Unlike hybrid and GMO seeds, open-pollinated seeds are evolved naturally through natural pollination that happens in the field, and not in a laboratory.

Heirloom seeds are typically open-pollinated seeds with their own benefits and advantages.

Here’s a good example of how heirloom seeds can be superior to some hybrid versions.

Part of the time intensive hybrid process may be involved in choosing and selecting features that make large numbers of large crops sell well to end consumers. A lot of this involves how the fruits and vegetables look – how big they are, how perfect they look and what kinds of color they have.

In selecting those features, what some hybrid processes do is strip away some of the natural taste and vitality of the crops in question. That’s one reason why some people consider various heirloom choices to be more flavorful and authentic than hybrid seed options.

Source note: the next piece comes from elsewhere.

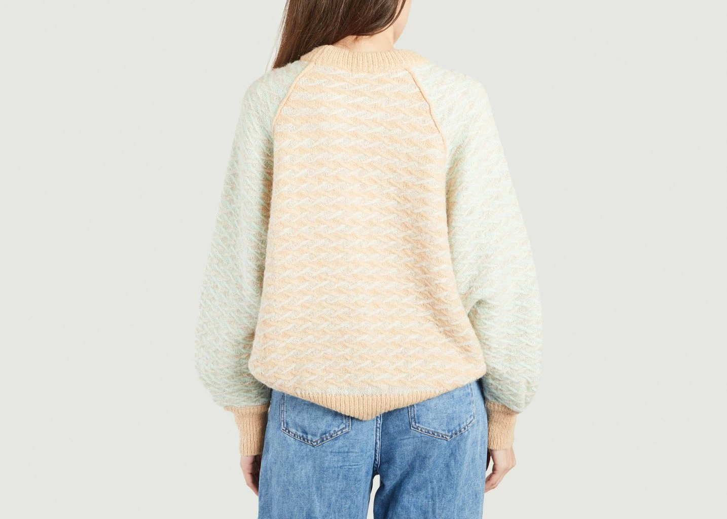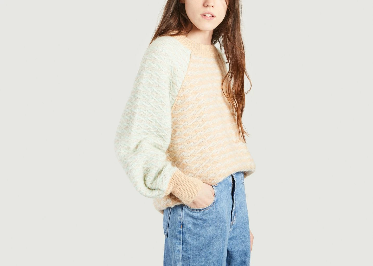 Acrylic, alpaca and polyamide sweater in apricot/pale green, geometric pattern, loose fit, voluminous long raglan sleeves, round neck, ribbed trim. Fall for the Gudrune sweater by Second Female! We like its duo of pastel colors which will bring softness to your casual looks, and its modern cut. This model will be easily worn during the day, especially with your jeans.

5.      Multiple GMO Problems Lead to Serious Health and Safety Concerns

One of the problems with GMOs is that they’re kind of an untested field. Because they are so reliant on laboratory work, we just don’t know quite how the genetic modification is going to affect the natural world. As a result, other countries around the world are banning GMO products. In America, regulators and scientists continue to insist that GMO is perfectly safe and push GMO products on a consumer base with the argument that GMOs will be a way to feed the world as human population increases. Not everybody buys that argument, though, and many have concerns about the results that we might see from genetic modification down the road.

Another major problem is agricultural practices where GMO crops lead to the inordinate spraying of herbicides and pesticides on fields which make their way into the human diet.

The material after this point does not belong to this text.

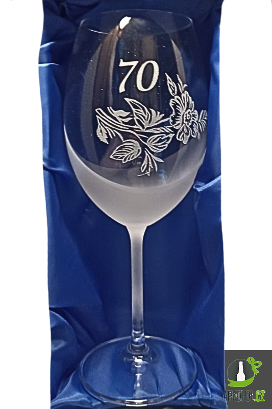 Ručně pískovaná sklenice o objemu 0,5 l s nápisem "70" s květinou

The basic idea goes like this – because scientists can genetically modify certain plants to withstand conventional herbicides and pesticides, the growers are then able to blanket spray a crop to kill weeds or eradicate pests without hurting the plant itself. However, the residues from these sprays will be consolidated in the food products that go to market. Here again, American regulators and scientists continue to pound the drum of various research claiming that this type of spraying is entirely safe for human consumption, even though Monsanto is now facing trials for possible carcinogenic effects of glyphosate, a commonly used product by GMO growers.

This alarming guide from the EWG makes it crystal clear: people who don’t like to rock the boat might tell you that this kind of practice can’t exist, that it can’t go on. But it does!

By reading the above, you can understand how GMO related to seed stocks and why you will not “buy GMO seeds” at the market.